Solr is not a real time search engine. While there’s work under way to make Solr capable of delivering real time results, there’s currently always a certain delay up to some minutes from the time data is sent to Solr to when it is available in searches.
Search results are returned in Solr by distinct search threads. These search threads hold a great number of caches which are crucial for Solr to perform. When index or unindex operations are sent to Solr, it will keep those in memory until a commit is executed on its own search index. When a commit occurs, all search threads and thus all caches are thrown away and new threads are created reflecting the data after the commit. While there’s a certain amount of cache data that is copied to the new search threads, this data has to be validated against the new index which takes some time. The useColdSearcher and maxWarmingSearchers options of the Solr recipe relate to the aspect. While cache data is copied over and validated for a new search thread, it’s warming up. If that process is not yet completed the thread is considered to be cold.
In order to get real good performance out of Solr, we need to minimize the number of commits against the Solr index.

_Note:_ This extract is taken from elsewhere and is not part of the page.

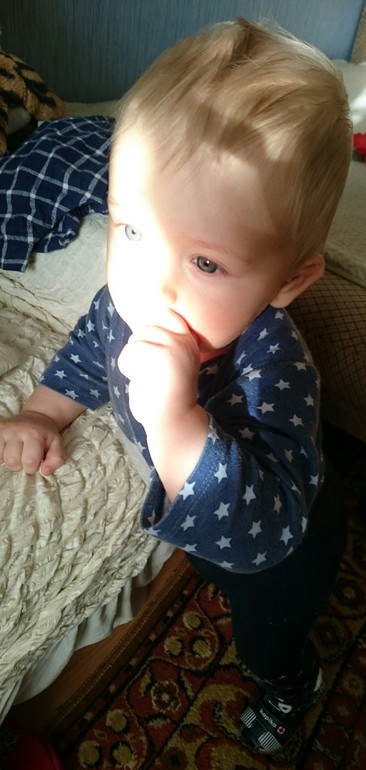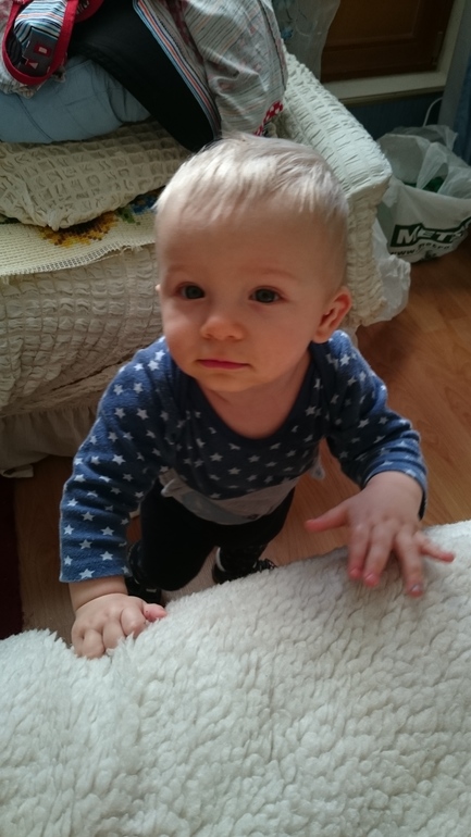 Миша стоит самостоятельно, правда если его поставить, сам редко встаёт, а вот если дать ему в руки игрушку и поставить, то стоять может долго, до минуты, пока не вспомнит, что он стоит, тогда Мишаня тихонько опускается на попку. Вообще заметила, что ребёнок довольно осторожный, не стремится падать лишний раз, если малыш и наворачивается то только лишь по моей нерадивости.

We can achieve this by turning off auto-commit and instead use commitWithin. So we don’t sent a commit to Solr at the end of each index/unindex request on the Plone side. Instead we tell Solr to commit the data to its index at most after a certain time interval. Values of 15 minutes to 1 minute work well for this interval. The larger you can make this interval, the better the performance of Solr will be, at the cost of search results lagging behind a bit. In this setup we also need to configure the autoCommitMaxTime option of the Solr server, as commitWithin only works for index but not unindex operations. Otherwise a large number of unindex operations without any index operations occurring could not be reflected in the index for a long time.
As a result of all the above, the Solr index and the Plone site will always have slightly diverging contents. If you use Solr to do searches you need to be aware of this, as you might get results for objects that no longer exist. So any brain/getObject call on the Plone side needs to have error handling code around it as the object might not be there anymore and traversing to it throws an exception.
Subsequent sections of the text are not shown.